### ASSIGNED TASK
Nothing but the lines from the first line of the records below to the line holding "The consist of" belongs in the answer, copied exactly and without pictures.

### GIVEN DATA

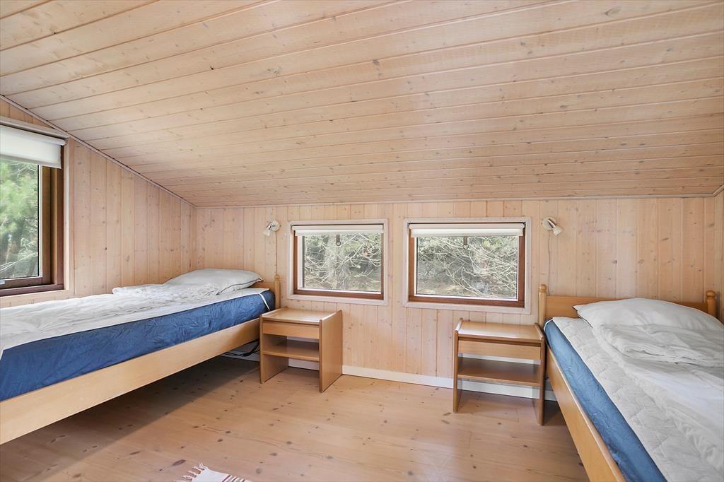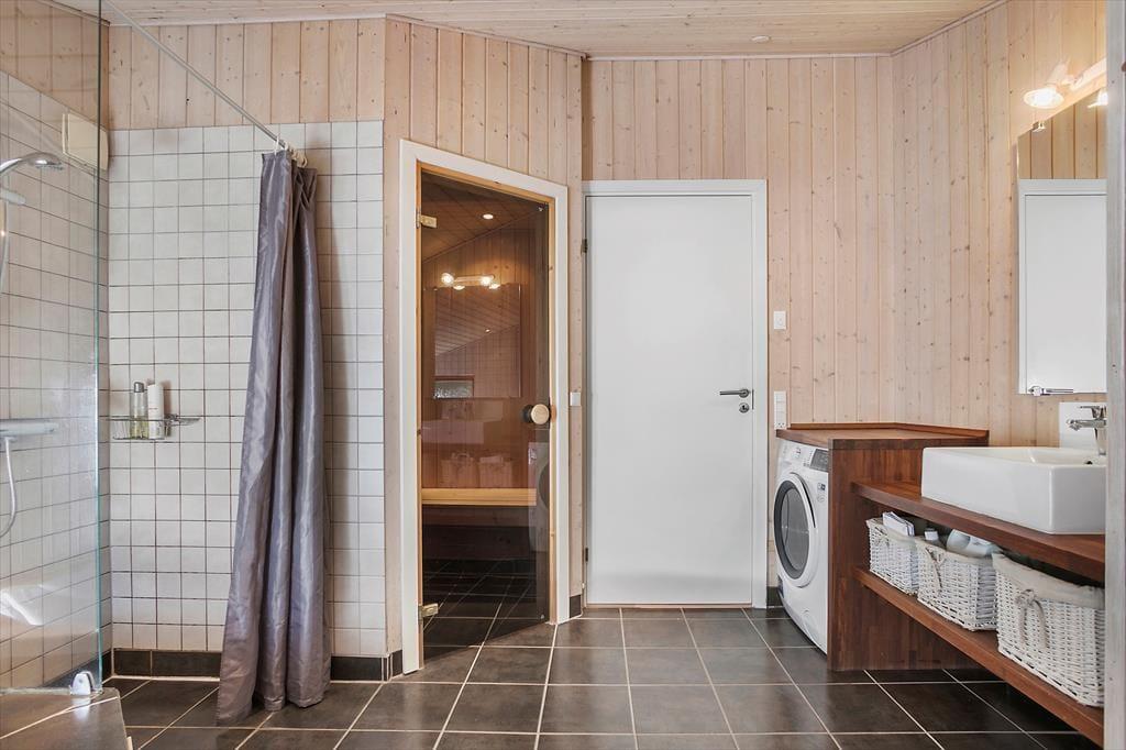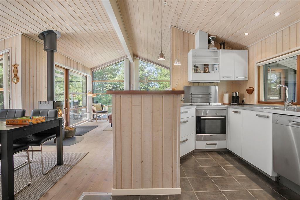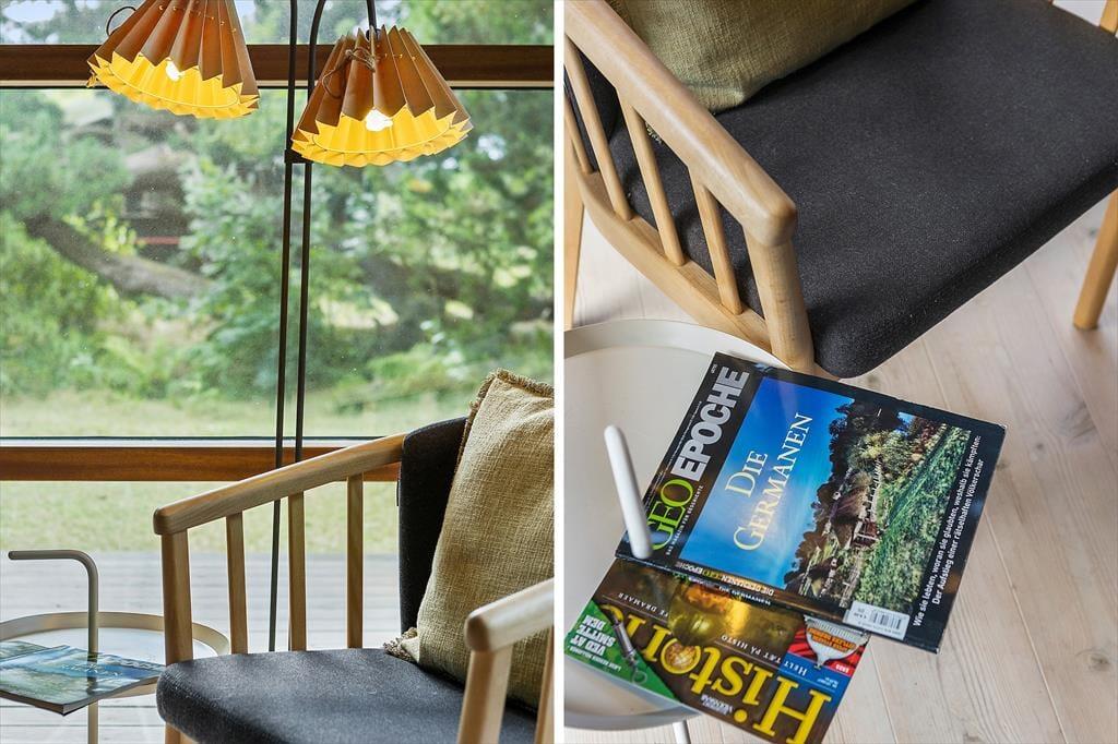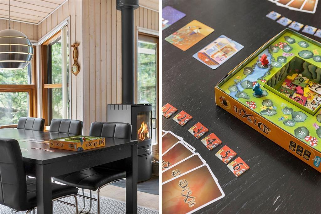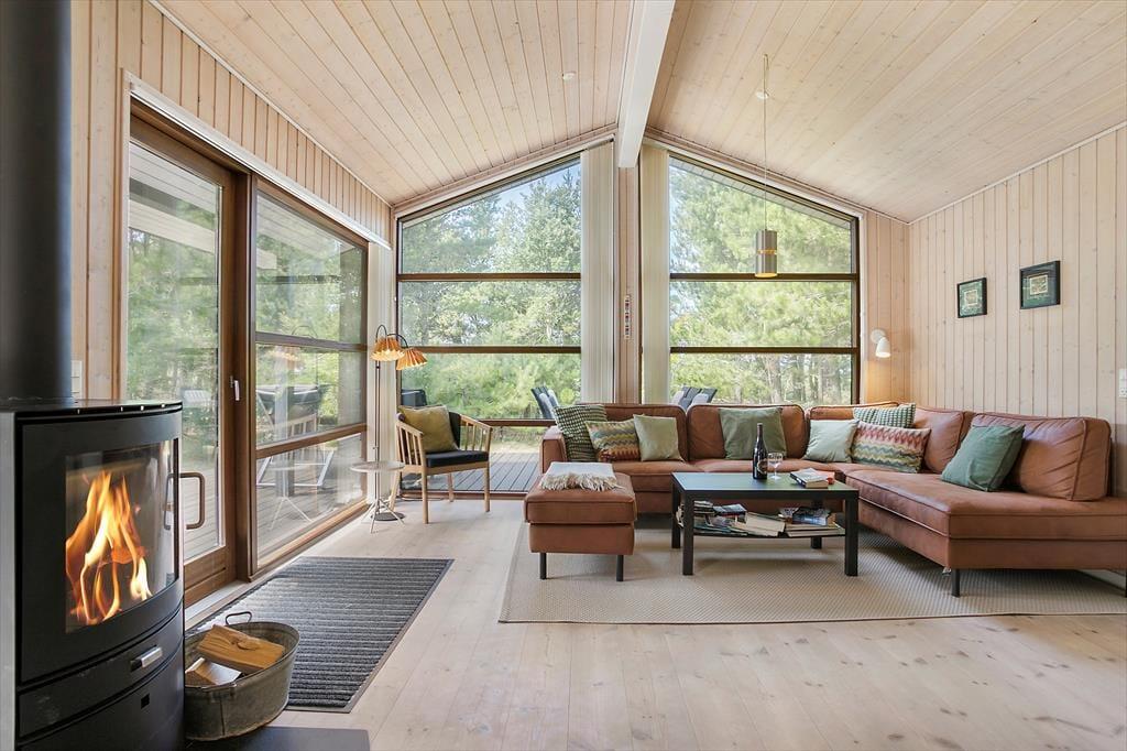 Drinnen werdet ihr von einer hellen und einladenden Atmosphäre empfangen, bei der das hohe Wohnzimmer eine besondere Weite vermittelt. Hier könnt ihr die Gesellschaft des anderen vor dem prasselnden Kaminofen genießen oder euch zum Abendessen am Esstisch versammeln. Die großen Fenster bieten viel Tageslicht und geben euch gleichzeitig die Möglichkeit, das Geschehen im Garten zu verfolgen. Das Haus verfügt außerdem über ein schönes Badezimmer, in der Sauna aufwärmt. Das gesamte Haus ist komfortabel eingerichtet und bietet viele gemütliche Ecken, in denen ihr euch zurückziehen könnt.
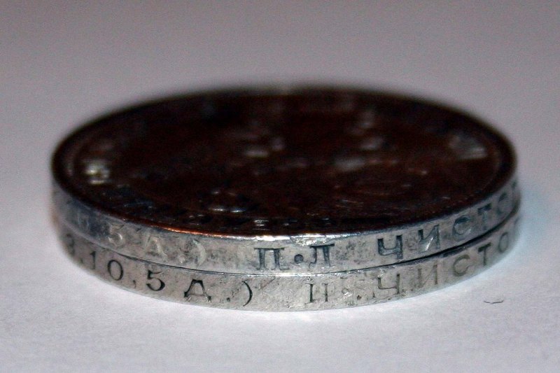 Подскажите, что это. На гурте обычного полтинника 1924 года нет знака минцмейстера. Надпись обычная 9 грамм (2.з.10.5 Д). Там где должны быть буквы П.Л. слабо видны две вертикальные полоски и на месте буквы Л начинается слово "чистого". Буква "г" в слове "грамм" сдвинута от "9" и стоит на месте "р" в обычном полтиннике.
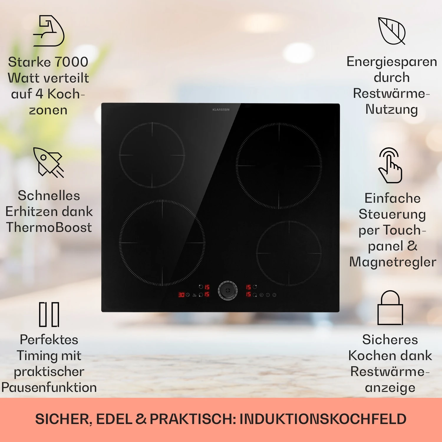 - Touch-Bedienfeld mit Digitalanzeige für Betriebsstufe, Timer und Restwärme
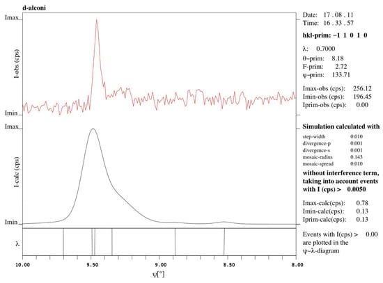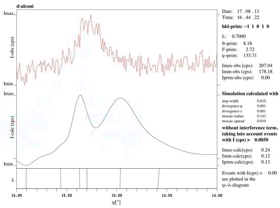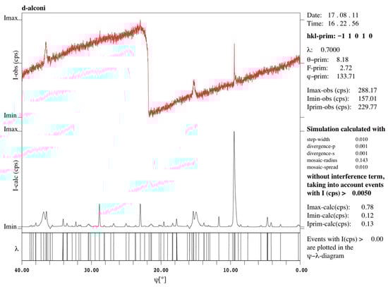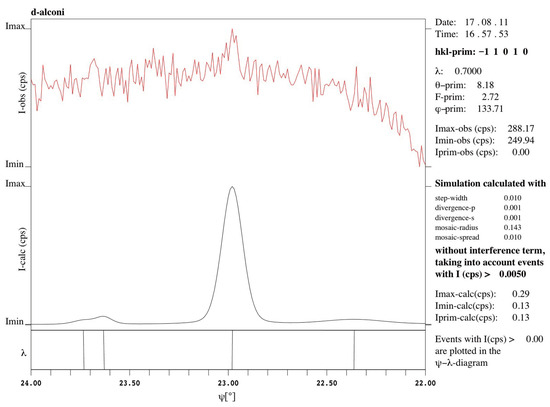 - Rossmanith, E. Kinematical multiple diffraction: The width of ψ-scan intensity profiles. Acta. Cryst. A 2007, 63, 251–256. [Google Scholar] [CrossRef]
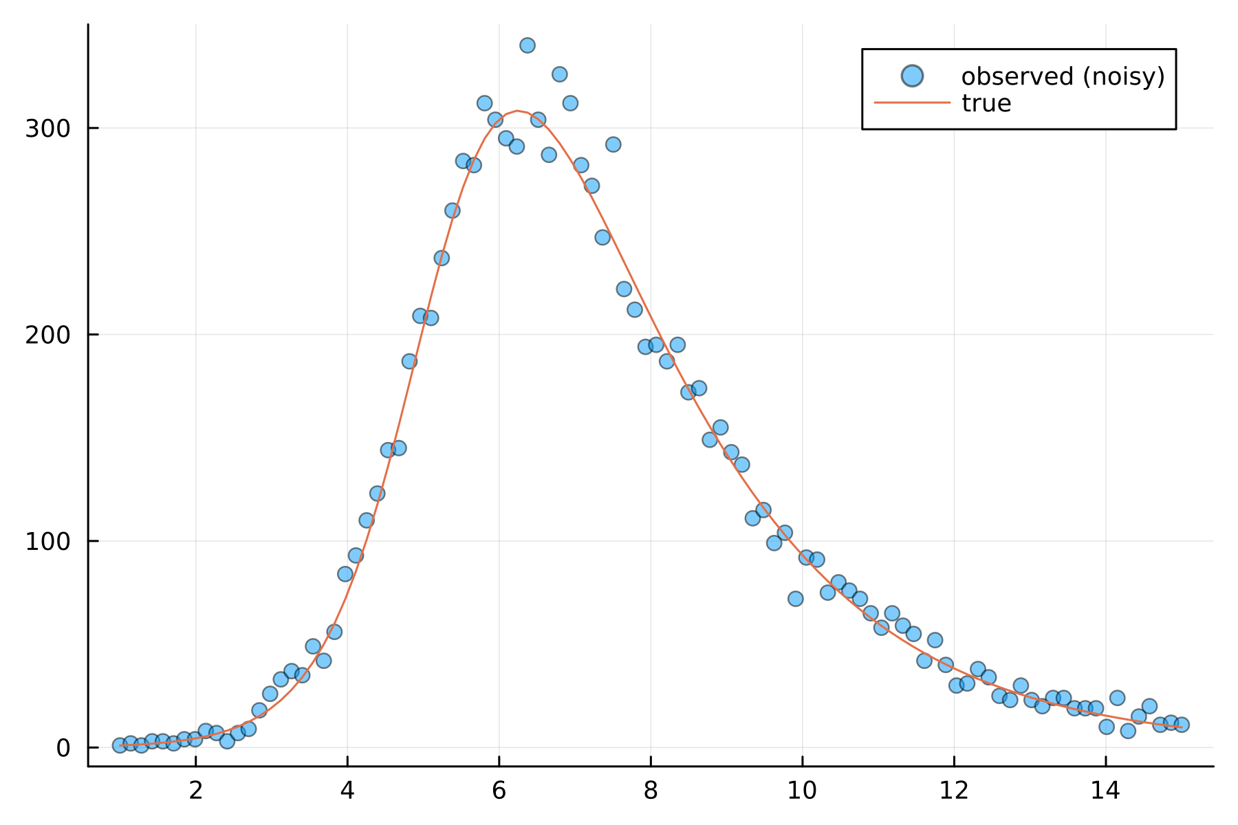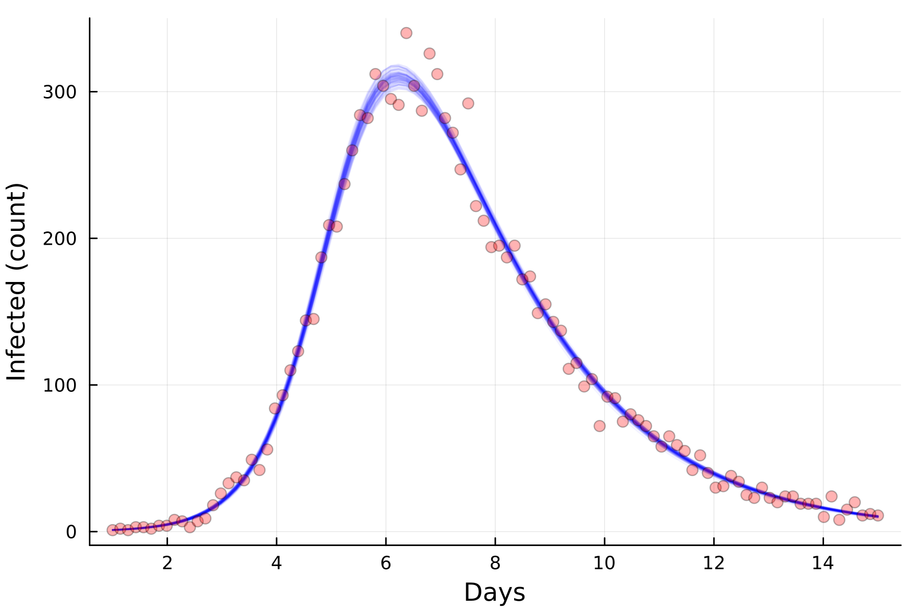 A while ago, I wrote a post about fitting 3-state SIR models in Stan and this is my attempt to port it from R/Stan to Julia/Turing so I can get a feel for the language and to do some basic benchmarks. I am writing this from the perspective of an R programmer who has never used Julia before.
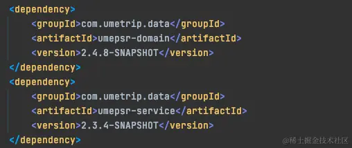 这里的依赖关系如下 本项目依赖于umepsr-service(2.3.4-SNAPSHOT),同时umepsr-service依赖于umepsr-domain (2.4.8-SNAPSHOT) 本项目的父pom中依赖于umepsr-domain (2.4.5)
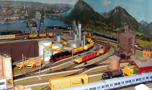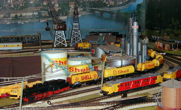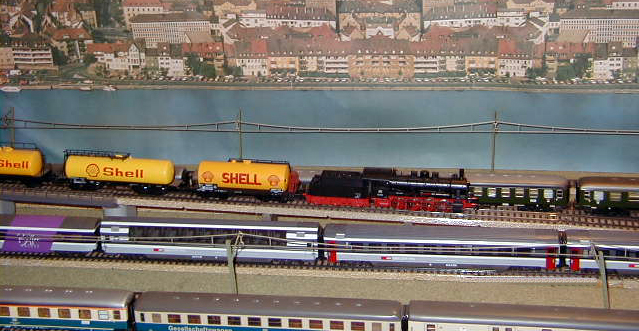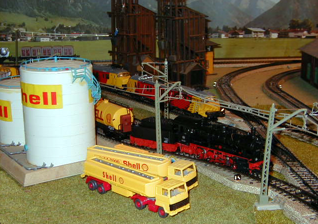 The consist of ten Shell tank cars is easily pulled by the BR 55.
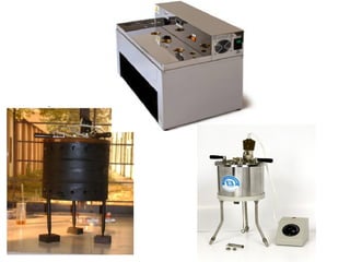 This document discusses different types of viscometers used to measure viscosity. It defines viscosity and explains that viscometers measure it under various flow conditions. The main types described are rotational, vibrational, oscillation, falling piston, falling sphere, and Saybolt viscometers. Rotational viscometers measure viscosity under different conditions for Newtonian and non-Newtonian fluids. Vibrational viscometers continuously measure viscosity in pipes and tanks, while oscillation viscometers adapt laboratory and high-pressure/temperature measurements. Falling piston viscometers use a piston-cylinder assembly to draw fluid through a gap. Falling sphere and Saybolt viscometers also measure viscosity based on fluid flow properties.

### TASK RESPONSE
 Drinnen werdet ihr von einer hellen und einladenden Atmosphäre empfangen, bei der das hohe Wohnzimmer eine besondere Weite vermittelt. Hier könnt ihr die Gesellschaft des anderen vor dem prasselnden Kaminofen genießen oder euch zum Abendessen am Esstisch versammeln. Die großen Fenster bieten viel Tageslicht und geben euch gleichzeitig die Möglichkeit, das Geschehen im Garten zu verfolgen. Das Haus verfügt außerdem über ein schönes Badezimmer, in der Sauna aufwärmt. Das gesamte Haus ist komfortabel eingerichtet und bietet viele gemütliche Ecken, in denen ihr euch zurückziehen könnt.
 Подскажите, что это. На гурте обычного полтинника 1924 года нет знака минцмейстера. Надпись обычная 9 грамм (2.з.10.5 Д). Там где должны быть буквы П.Л. слабо видны две вертикальные полоски и на месте буквы Л начинается слово "чистого". Буква "г" в слове "грамм" сдвинута от "9" и стоит на месте "р" в обычном полтиннике.
 - Touch-Bedienfeld mit Digitalanzeige für Betriebsstufe, Timer und Restwärme
 - Rossmanith, E. Kinematical multiple diffraction: The width of ψ-scan intensity profiles. Acta. Cryst. A 2007, 63, 251–256. [Google Scholar] [CrossRef]
 A while ago, I wrote a post about fitting 3-state SIR models in Stan and this is my attempt to port it from R/Stan to Julia/Turing so I can get a feel for the language and to do some basic benchmarks. I am writing this from the perspective of an R programmer who has never used Julia before.
 这里的依赖关系如下 本项目依赖于umepsr-service(2.3.4-SNAPSHOT),同时umepsr-service依赖于umepsr-domain (2.4.8-SNAPSHOT) 本项目的父pom中依赖于umepsr-domain (2.4.5)
 The consist of ten Shell tank cars is easily pulled by the BR 55.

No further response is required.